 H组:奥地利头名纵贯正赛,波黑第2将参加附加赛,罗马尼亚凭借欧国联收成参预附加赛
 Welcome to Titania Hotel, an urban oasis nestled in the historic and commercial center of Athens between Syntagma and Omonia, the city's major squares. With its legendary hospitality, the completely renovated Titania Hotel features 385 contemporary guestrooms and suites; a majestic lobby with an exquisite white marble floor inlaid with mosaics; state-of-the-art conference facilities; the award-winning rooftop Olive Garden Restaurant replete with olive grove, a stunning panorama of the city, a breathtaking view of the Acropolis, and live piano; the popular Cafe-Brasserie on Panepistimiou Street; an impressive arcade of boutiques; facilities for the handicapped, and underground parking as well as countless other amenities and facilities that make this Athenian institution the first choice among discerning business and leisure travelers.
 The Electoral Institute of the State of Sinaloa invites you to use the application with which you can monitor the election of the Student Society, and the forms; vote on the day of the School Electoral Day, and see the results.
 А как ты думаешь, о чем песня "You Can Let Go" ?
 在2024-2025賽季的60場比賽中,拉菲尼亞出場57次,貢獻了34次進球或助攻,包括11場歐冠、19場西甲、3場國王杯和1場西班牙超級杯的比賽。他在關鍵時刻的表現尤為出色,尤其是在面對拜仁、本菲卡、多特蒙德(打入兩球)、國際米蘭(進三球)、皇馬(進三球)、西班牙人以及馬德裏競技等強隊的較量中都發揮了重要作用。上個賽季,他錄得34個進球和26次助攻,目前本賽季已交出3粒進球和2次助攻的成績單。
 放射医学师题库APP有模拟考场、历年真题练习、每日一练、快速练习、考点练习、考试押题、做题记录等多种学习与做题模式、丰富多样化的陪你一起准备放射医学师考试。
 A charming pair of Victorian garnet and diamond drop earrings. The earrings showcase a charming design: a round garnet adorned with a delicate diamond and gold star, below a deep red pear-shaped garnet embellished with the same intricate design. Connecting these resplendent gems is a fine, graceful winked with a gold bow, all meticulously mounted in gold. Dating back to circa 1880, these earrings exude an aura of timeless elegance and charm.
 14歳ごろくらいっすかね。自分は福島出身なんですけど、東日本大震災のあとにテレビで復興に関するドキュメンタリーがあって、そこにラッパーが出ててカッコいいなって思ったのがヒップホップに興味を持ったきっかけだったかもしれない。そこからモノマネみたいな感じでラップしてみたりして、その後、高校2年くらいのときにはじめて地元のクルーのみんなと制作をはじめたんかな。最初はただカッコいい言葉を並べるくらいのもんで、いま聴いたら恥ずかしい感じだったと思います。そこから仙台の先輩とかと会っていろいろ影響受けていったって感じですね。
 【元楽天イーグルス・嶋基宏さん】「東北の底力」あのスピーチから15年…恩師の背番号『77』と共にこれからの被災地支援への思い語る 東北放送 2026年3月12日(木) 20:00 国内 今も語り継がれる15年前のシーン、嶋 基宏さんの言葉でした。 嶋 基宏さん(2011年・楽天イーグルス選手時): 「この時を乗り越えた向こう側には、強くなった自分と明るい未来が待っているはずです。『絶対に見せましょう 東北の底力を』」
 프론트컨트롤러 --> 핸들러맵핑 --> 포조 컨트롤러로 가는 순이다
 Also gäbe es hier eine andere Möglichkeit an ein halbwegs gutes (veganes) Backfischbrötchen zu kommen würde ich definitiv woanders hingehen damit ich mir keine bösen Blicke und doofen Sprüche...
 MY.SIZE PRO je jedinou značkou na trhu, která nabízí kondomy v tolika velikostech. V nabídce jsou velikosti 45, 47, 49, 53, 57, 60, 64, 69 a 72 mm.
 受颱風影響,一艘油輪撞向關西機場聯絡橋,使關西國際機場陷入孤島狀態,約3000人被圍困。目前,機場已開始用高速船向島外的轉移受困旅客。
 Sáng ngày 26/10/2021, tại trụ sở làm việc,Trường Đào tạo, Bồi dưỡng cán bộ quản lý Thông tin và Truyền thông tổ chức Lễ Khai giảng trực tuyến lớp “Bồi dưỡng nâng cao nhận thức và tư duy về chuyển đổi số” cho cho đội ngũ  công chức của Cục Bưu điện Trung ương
= = = =
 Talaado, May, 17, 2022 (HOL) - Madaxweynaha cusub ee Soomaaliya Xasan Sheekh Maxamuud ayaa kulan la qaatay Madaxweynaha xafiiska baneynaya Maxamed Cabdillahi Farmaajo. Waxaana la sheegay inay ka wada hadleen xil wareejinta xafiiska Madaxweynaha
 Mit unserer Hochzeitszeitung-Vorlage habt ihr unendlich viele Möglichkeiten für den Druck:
= = = =
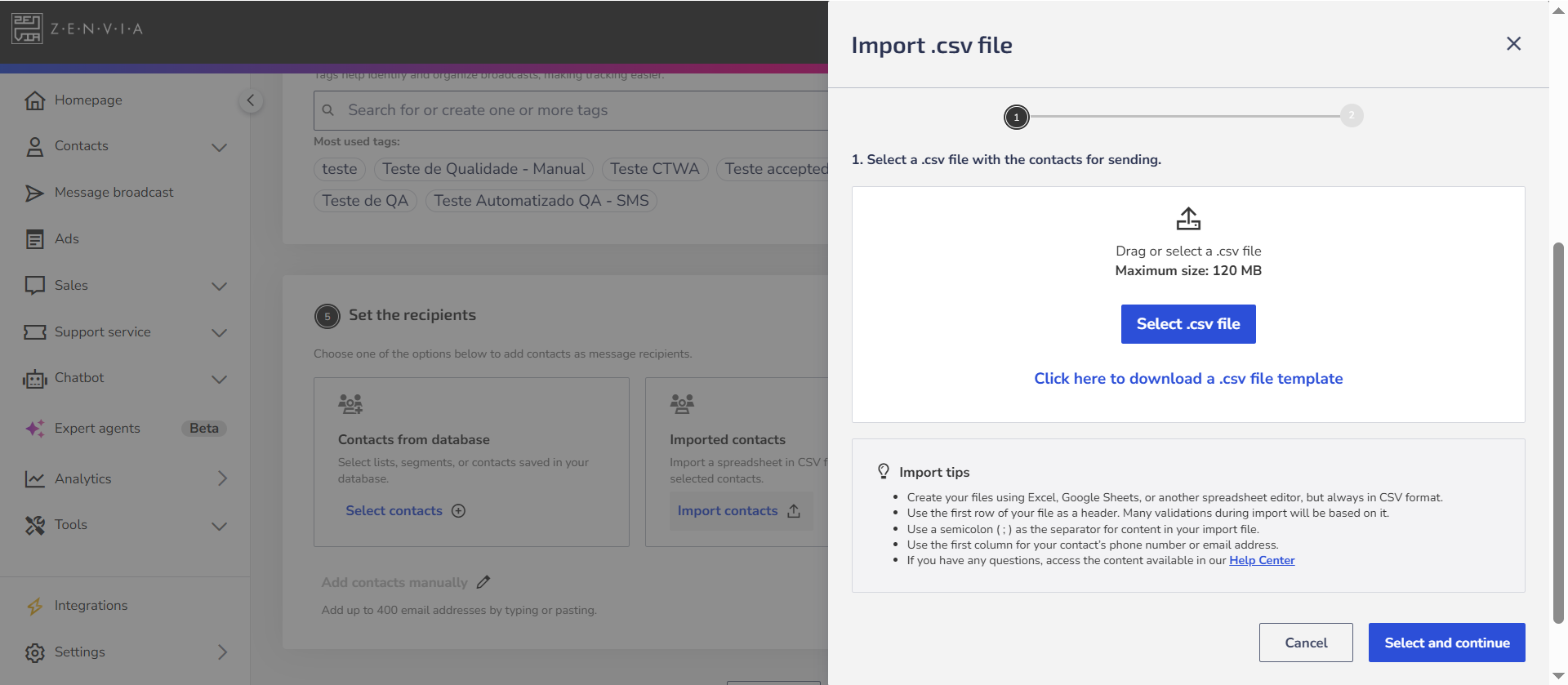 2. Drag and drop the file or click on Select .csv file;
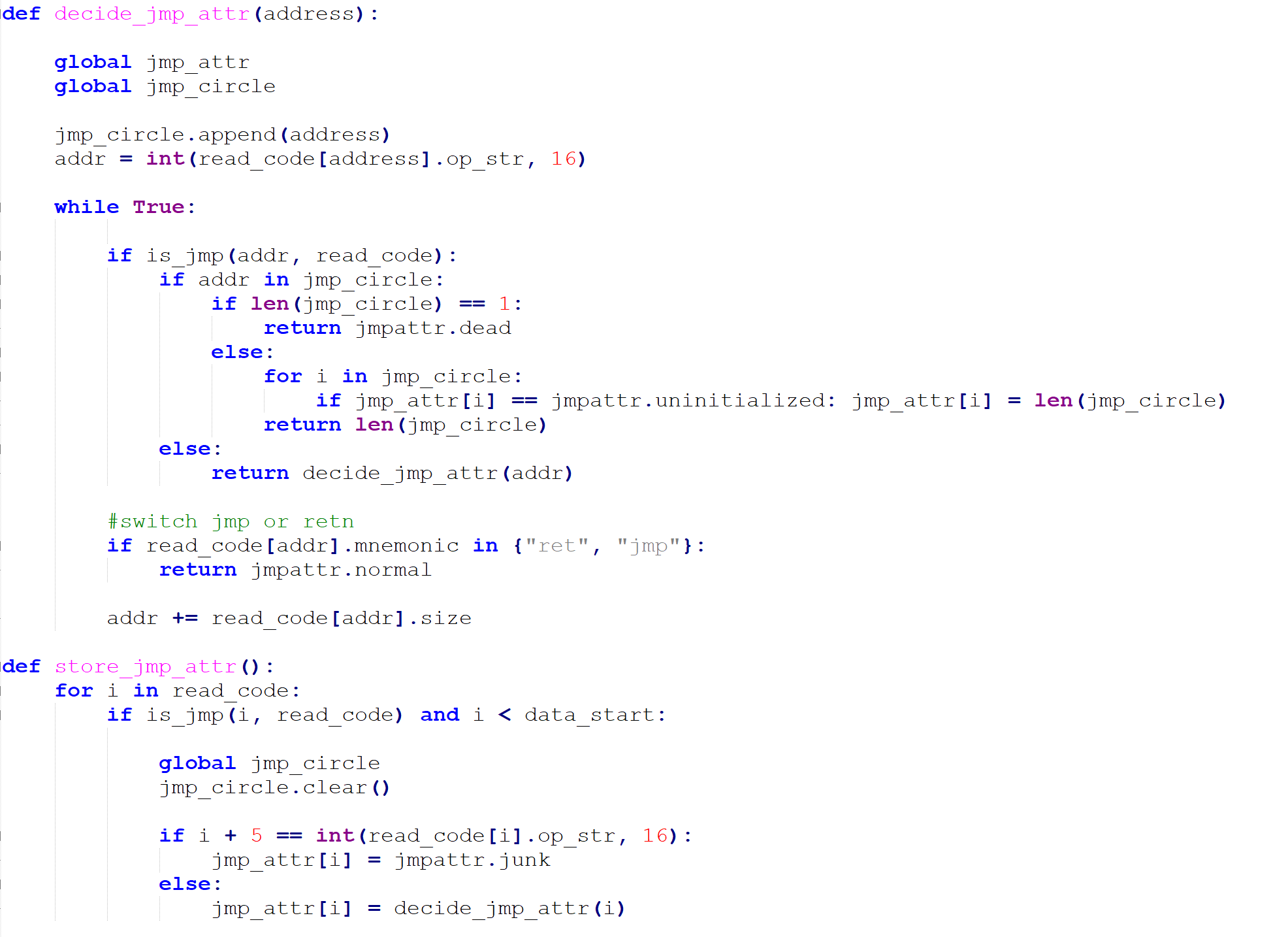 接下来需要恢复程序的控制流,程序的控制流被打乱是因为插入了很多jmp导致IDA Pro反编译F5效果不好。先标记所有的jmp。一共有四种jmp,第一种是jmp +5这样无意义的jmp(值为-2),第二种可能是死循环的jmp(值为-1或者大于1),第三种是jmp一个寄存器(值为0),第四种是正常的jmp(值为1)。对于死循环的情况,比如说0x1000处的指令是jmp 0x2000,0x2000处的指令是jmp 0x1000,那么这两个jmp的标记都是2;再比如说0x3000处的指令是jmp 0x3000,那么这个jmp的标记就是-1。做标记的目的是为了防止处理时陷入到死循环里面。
= = = =
● **Task goal**
Write out only the lines that run from the line containing "프론트컨트롤러 --> 핸들러맵핑 --> 포조 컨트롤러로 가는 순이다" through the line containing "Sáng ngày 26/10/2021, tại", both included, exactly as they appear above.

● **Exercise answer**
 프론트컨트롤러 --> 핸들러맵핑 --> 포조 컨트롤러로 가는 순이다
 Also gäbe es hier eine andere Möglichkeit an ein halbwegs gutes (veganes) Backfischbrötchen zu kommen würde ich definitiv woanders hingehen damit ich mir keine bösen Blicke und doofen Sprüche...
 MY.SIZE PRO je jedinou značkou na trhu, která nabízí kondomy v tolika velikostech. V nabídce jsou velikosti 45, 47, 49, 53, 57, 60, 64, 69 a 72 mm.
 受颱風影響,一艘油輪撞向關西機場聯絡橋,使關西國際機場陷入孤島狀態,約3000人被圍困。目前,機場已開始用高速船向島外的轉移受困旅客。
 Sáng ngày 26/10/2021, tại trụ sở làm việc,Trường Đào tạo, Bồi dưỡng cán bộ quản lý Thông tin và Truyền thông tổ chức Lễ Khai giảng trực tuyến lớp “Bồi dưỡng nâng cao nhận thức và tư duy về chuyển đổi số” cho cho đội ngũ  công chức của Cục Bưu điện Trung ương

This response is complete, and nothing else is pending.